TASK DETAILS:
For this exercise, return only the lines in the records below from the one holding "Te Auaunga is" through the one holding "Чай черный Newby", including both, exactly as they appear and without pictures.

======== DATA PROVIDED ========

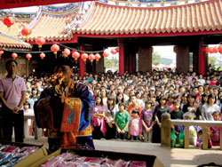 配合大甲媽祖出巡,大肚鄉(xiāng)公所決定在書院內(nèi)舉辦考生祈;顒(dòng)。昨天(5日)共有2500多人報(bào)名參加,書院內(nèi)外擠滿了前來祈福的人,大家一致合掌向文昌帝君說出心愿,盼求得好考運(yùn),能夠一舉考上理想的學(xué)校。
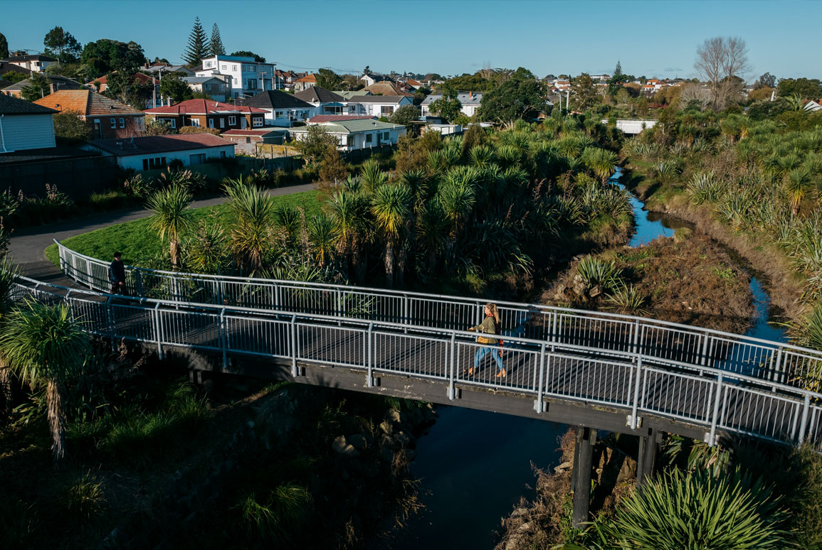 Te Auaunga is a much-awarded early exemplar of an ‘integrated blue-green’ approach to development – an environmental design strategy that is expected to be increasingly important and seen more frequently across Auckland in response to climate change.
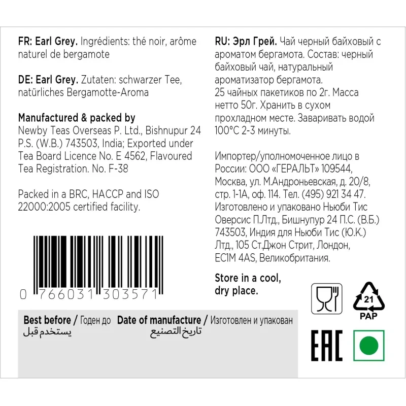 Чай черный Newby Earl Grey 25 пакетиков (бергамот). Знаменитый черный чай с освежающими цитрусовыми нотками. Эрл Грей, названный в честь британского премьер-министра, несомненно, является любимым чаем англичан. Черный чай, ароматизированный натуральным маслом бергамота, при заваривании дает сбалансированный настой яркого цвета с приятным шелковистым послевкусием.
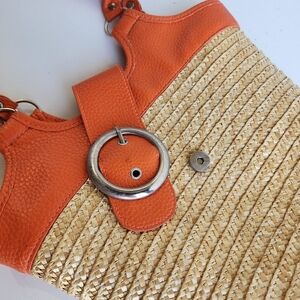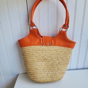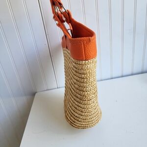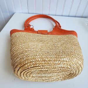 Axiz 100% Straw Purse Orange Beach Tote Use With Straw Hat For That Sunny Day
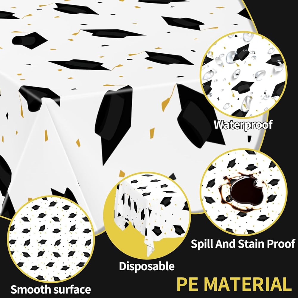 • 🎓【وفر وقتك】: غطاء طاولة التخرج للاستعمال مرة واحدة يوفر لك من متاعب تنظيف الطاولة! قم بتنظيف الفوضى بعد الحفلة في ثوانٍ، يمكنك قضاء المزيد من الوقت للاستمتاع بالحفلة

========

RESPONSE FOR THIS EXERCISE:
 Te Auaunga is a much-awarded early exemplar of an ‘integrated blue-green’ approach to development – an environmental design strategy that is expected to be increasingly important and seen more frequently across Auckland in response to climate change.
 Чай черный Newby Earl Grey 25 пакетиков (бергамот). Знаменитый черный чай с освежающими цитрусовыми нотками. Эрл Грей, названный в честь британского премьер-министра, несомненно, является любимым чаем англичан. Черный чай, ароматизированный натуральным маслом бергамота, при заваривании дает сбалансированный настой яркого цвета с приятным шелковистым послевкусием.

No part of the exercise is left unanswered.